DATA BLOCK >>
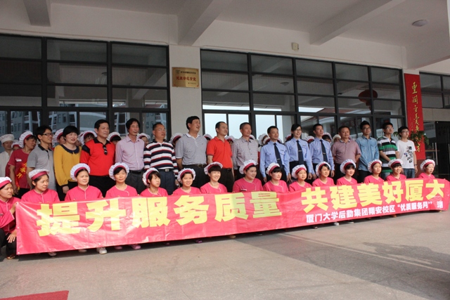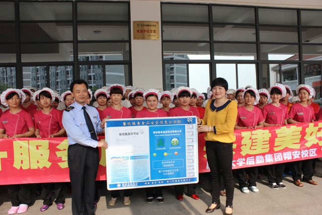 2014年4月18日下午3:30,后勤集团、翔安校区餐饮服务部工作人员、竞丰餐厅全体员工迎来“优质服务月”最亮眼的肯定——“食品卫生量化管理A级单位”授牌仪式在竞丰餐厅举行。翔安区卫生局卫生监督所副所长邱镜椿,校区资产办主任吴福武,集团副总经理郑庆喜、刘君彬,总经理助理、翔安校区服务办主任王裕民等莅临授牌仪式现场。
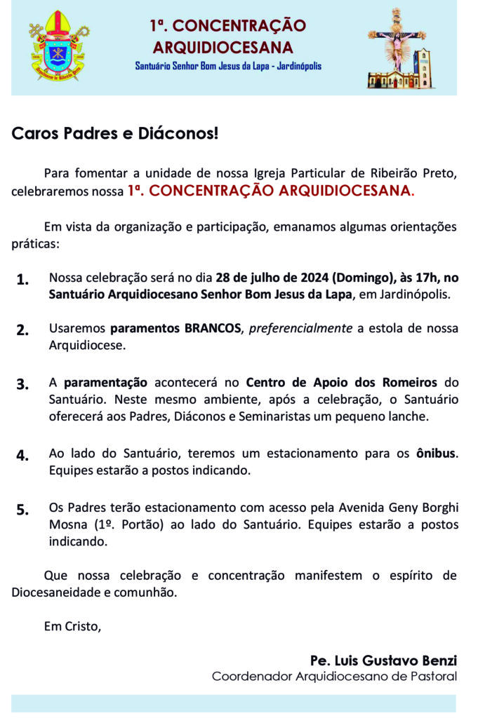 Em decreto publicado em 05 de julho de 2024, o Arcebispo Metropolitano de Ribeirão Preto, Dom Moacir Silva, institui o primeiro domingo da Novena do Senhor Bom Jesus da Lapa para a concentração arquidiocesana (Romaria Arquidiocesana), e estabelece que em 28 de julho de 2024, em todas as paróquias da Arquidiocese sejam canceladas as missas no período da tarde e da noite, favorecendo a participação do clero e dos fiéis da concentração arquidiocesana, ficando dispensadas as paróquias que tem padroeiro o Senhor Bom Jesus.
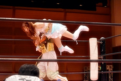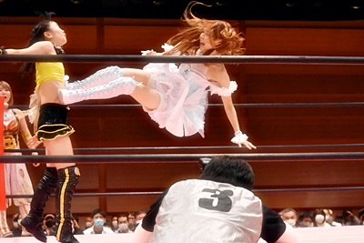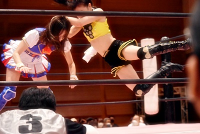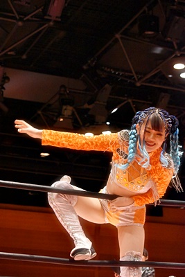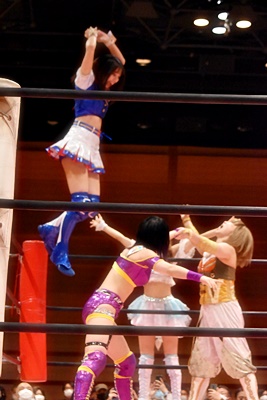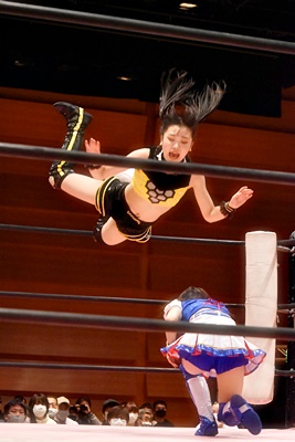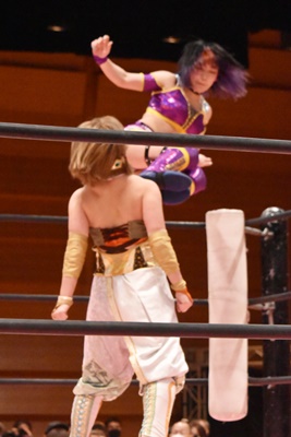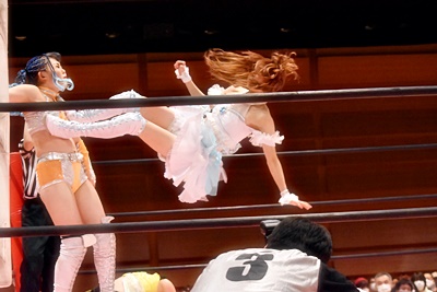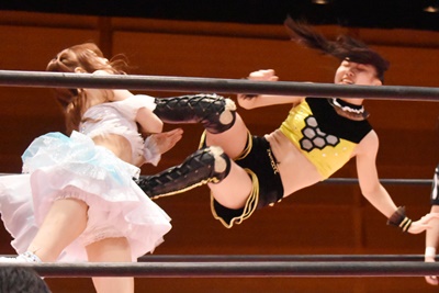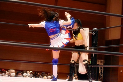 ユカッチマリカをロープに振ってバックエルボー、コーナーに振ってジャンピングハイキック(右写真)。
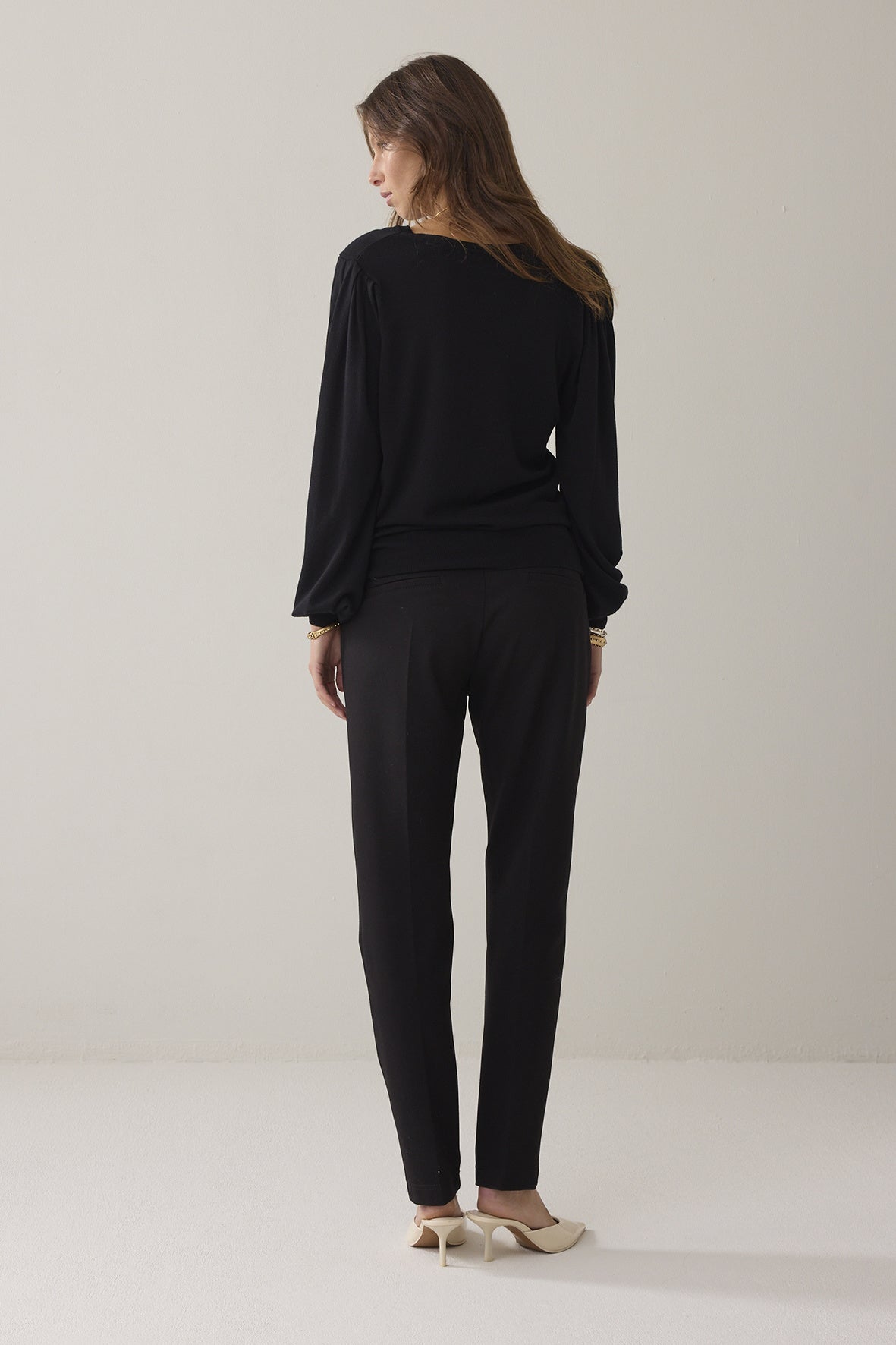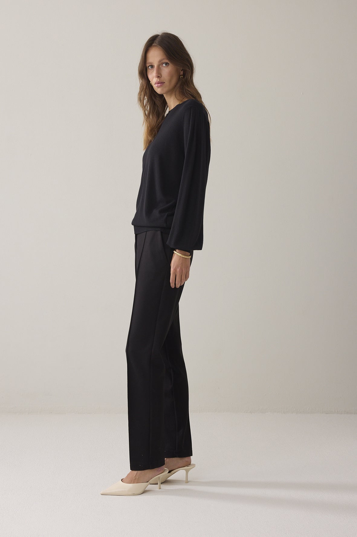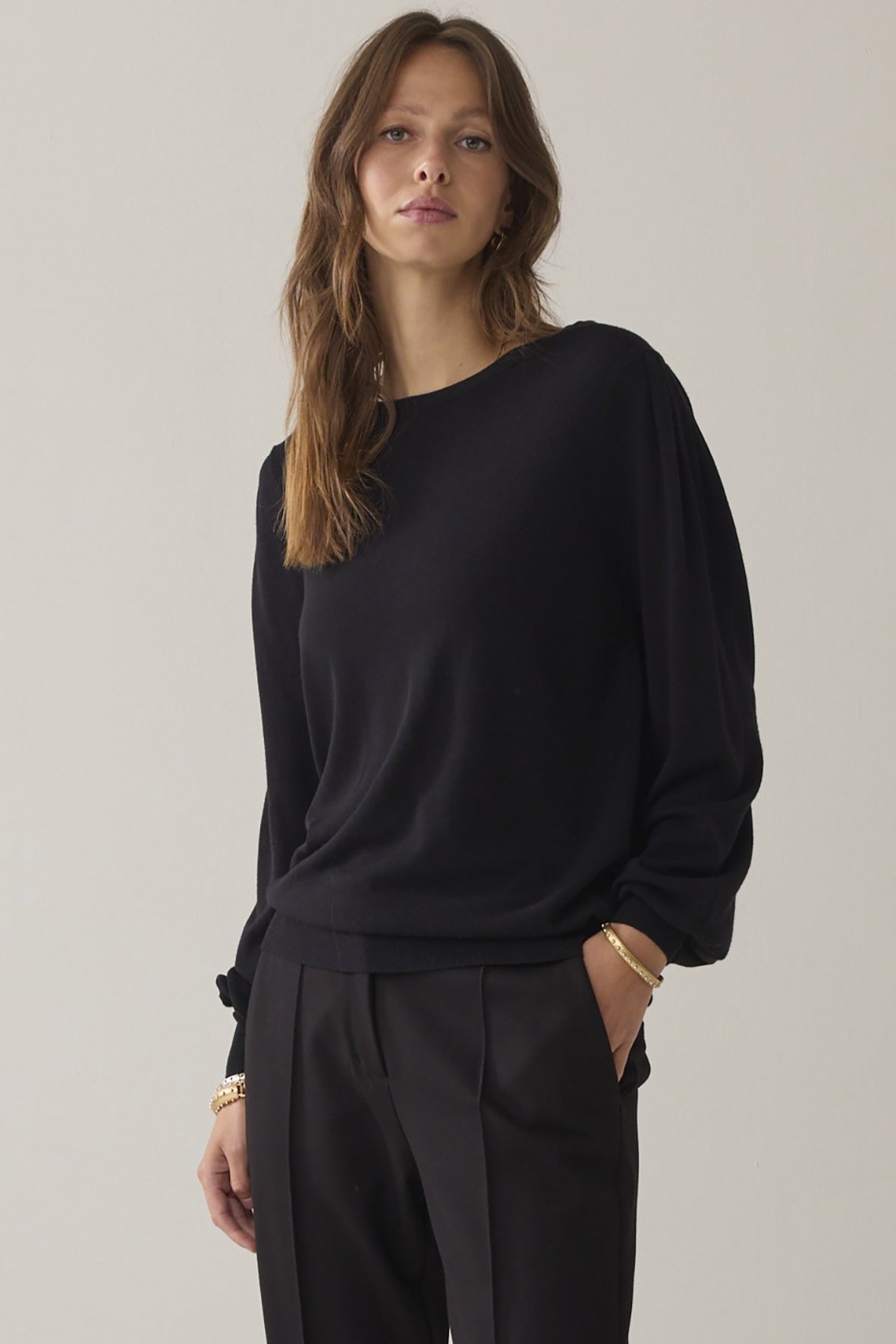 Een oversized trui met een ronde open hals, lange mouwen met plooitjes voor pofeffect en hoge manchetten.Stijlvol en comfortabel... dat is deze trui met pofmouw. Een basic, die eigenlijk te mooi is om basic te noemen. Want de combinatie van zachte viscose en lichte pofmouwtjes geeft deze 'simpele' trui een tijdloze en eigenzinnige uitstraling.

TASK TO COMPLETE >>
For this exercise, retype the listing above word for word and omit the pictures.

RESPONSE TO THIS TASK >>
 2014年4月18日下午3:30,后勤集团、翔安校区餐饮服务部工作人员、竞丰餐厅全体员工迎来“优质服务月”最亮眼的肯定——“食品卫生量化管理A级单位”授牌仪式在竞丰餐厅举行。翔安区卫生局卫生监督所副所长邱镜椿,校区资产办主任吴福武,集团副总经理郑庆喜、刘君彬,总经理助理、翔安校区服务办主任王裕民等莅临授牌仪式现场。
 Em decreto publicado em 05 de julho de 2024, o Arcebispo Metropolitano de Ribeirão Preto, Dom Moacir Silva, institui o primeiro domingo da Novena do Senhor Bom Jesus da Lapa para a concentração arquidiocesana (Romaria Arquidiocesana), e estabelece que em 28 de julho de 2024, em todas as paróquias da Arquidiocese sejam canceladas as missas no período da tarde e da noite, favorecendo a participação do clero e dos fiéis da concentração arquidiocesana, ficando dispensadas as paróquias que tem padroeiro o Senhor Bom Jesus.
 ユカッチマリカをロープに振ってバックエルボー、コーナーに振ってジャンピングハイキック(右写真)。
 Een oversized trui met een ronde open hals, lange mouwen met plooitjes voor pofeffect en hoge manchetten.Stijlvol en comfortabel... dat is deze trui met pofmouw. Een basic, die eigenlijk te mooi is om basic te noemen. Want de combinatie van zachte viscose en lichte pofmouwtjes geeft deze 'simpele' trui een tijdloze en eigenzinnige uitstraling.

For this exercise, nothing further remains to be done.